Maya and the null hypothesis
Note before reading: I am not a statistician nor very talented in statistics. Please indicate if my thought experiment with comparing Maya and the null hypothesis appears faulty.
The concept (from Wiki):
“Maya, is the principal concept which manifests, perpetuates and governs the illusion and dream of duality in the phenomenal Universe. For some mystics this manifestation is real, but it is a fleeting reality; it is a mistake, although a natural one, to believe that Maya represents a fundamental reality or Truth.  Each person, each physical object, from the perspective of eternity is like a brief, disturbed drop of water from an unbounded ocean. The goal of enlightenment is to understand this — more precisely, to experience this: to see intuitively that the distinction between the self and the Universe is a false dichotomy. The distinction between consciousness and physical matter, between mind and body (refer bodymind), is the result of an unenlightened perspective.
“The word origin of maya is derived from the Sanskrit roots ma (“not”) and ya, generally translated as an indicative article meaning “that.” The mystic teachings in Vedanta are centered on a fundamental truth that cannot be reduced to a concept or word for the ordinary mind to manipulate. Rather, the human experience and mind are themselves a tiny fragment of this truth. In this tradition, no mind-object can be identified as absolute truth, such that one may say “That’s it.” So, to keep the mind from attaching to incomplete fragments of reality, a speaker could use this term to indicate that truth is “Not that.””
In some ways, Maya can function as the null hypothesis. Oddly, as you can see in the description below, one can not really ACCEPT a null hypothesis, however they can NOT REJECT it. Though food for thought… if one REJECTS the null hypothesis (Maya in this case), then it IMPLIES that one has accepted the stated hypothesis, BUT is the stated hypothesis a truth or clarity… or can every hypothesis act as a null hypothesis, thereby playing into Maya. So that we act to REJECT or NOT REJECT within Maya, perhaps thinking we have transcended Maya in that we assume our REJECTION of the null implies ACCEPTING of the stated.
Also from Wiki: “In statistical hypothesis testing, the null hypothesis (H0) formally describes some aspect of the statistical behaviour of a set of data; this description is treated as valid unless the actual behaviour of the data contradicts this assumption. Thus, the null hypothesis is contrasted against another hypothesis. Statistical hypothesis testing is used to make a decision about whether the data contradicts the null hypothesis: this is called significance testing. A null hypothesis is never proven by such methods, as the absence of evidence against the null hypothesis does not establish it. In other words, one may either reject, or not reject the null hypothesis; one cannot accept it. Failing to reject it gives no strong reason to change decisions predicated on its truth, but it also allows for the possibility of obtaining further data and then re-examining the same hypothesis.

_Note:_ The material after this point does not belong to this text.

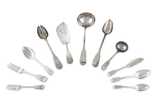 the majority W Ealey, W Fearn & W Chawner, London 1814, of single struck Fiddle and Thread with engraved crest to terminal, comprising; twenty four tablespoons eighteen tableforks (RB, London 1829) eighteen dessert spoons eighteen dessert forks (by McKay & Chisholm, Edinburgh 1849) eighteen teaspoons soup ladle serving spoon fish slice straining spoons two butter knives sugar tongs four sauce ladles
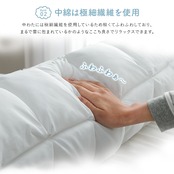 側生地は立体キルト構造でもこもこを表現、更に中わたには極細繊維を使用しているため軽くてふわふわしており、身体に優しくフィットし、まるで雲に包まれているかのようなここち良さでリラックスできます。

For example, imagine flipping a coin three times, for three heads; and then forming the opinion that we have used a two-headed trick coin. Clearly this opinion is based on the premise that such a sequence is unlikely to have arisen using a normal coin. In fact, such sequences (three consecutive heads or three consecutive tails) occur a quarter of the time on average when using normal unbiased coins. Therefore the opinion that coin is two-headed has little support. Formally, the hypothesis to be tested in this example is “this is a two-headed coin”. One tests it by assessing whether the data contradicts the null hypothesis that “this is a normal, unbiased coin”. Since the observed data arises reasonably often by chance under the null hypothesis, we cannot reject the null hypothesis as an explanation for the data, and we conclude that we cannot assert our hypothesis on the basis of the observed sequence.”

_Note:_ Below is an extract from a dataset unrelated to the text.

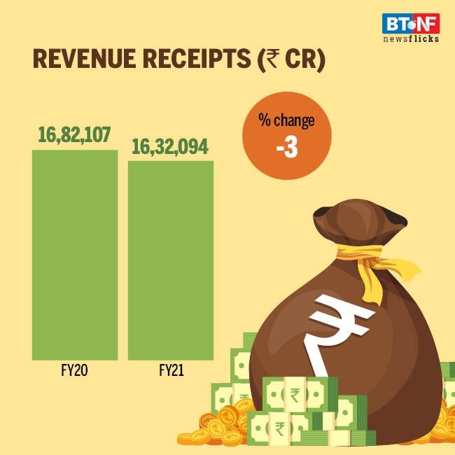Total revenue receipts of the government during the fiscal is estimated at Rs 16.3 lakh crore, 3 per cent lower than the previous year but almost 5 per cent higher than the revised estimate of FY21.
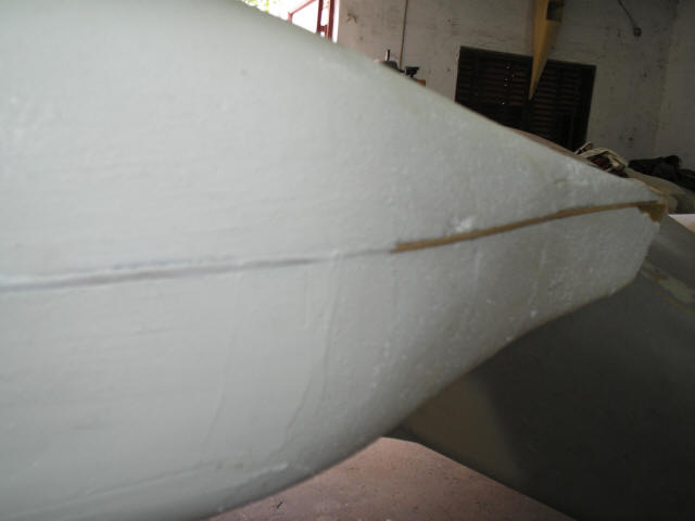 Luego de lijar y dar la forma que me pareció mas agradable cubrí la espuma con cinta de enmascarar, aplique abundante cera y procedí a laminar con recortes de tela de 220 Gr.

If we view these as sets: rejecting set (R), not rejecting set (NR) and accepting set (A). By DEFINITION R and NR are completely separate, never overlapping or touching. However, A in relation to these 2 sets is usually seen as overlaying NR (i.e. binary mind frame defined by the 2 choices of R vs NR). If we are to look closer, A may appear to overlay NR, but there is just as likely an explanation for those 2 sets to never touch but appear to be joined/overlayed. Imagine a 3D view of the sets, with R and NR on the same plane. The way in which A will never touch NR is if A exists on an entirely different plane. By one viewpoint (bird’s eye) A and NR look the same, but by another (closer observation between planes) they are clearly completely different.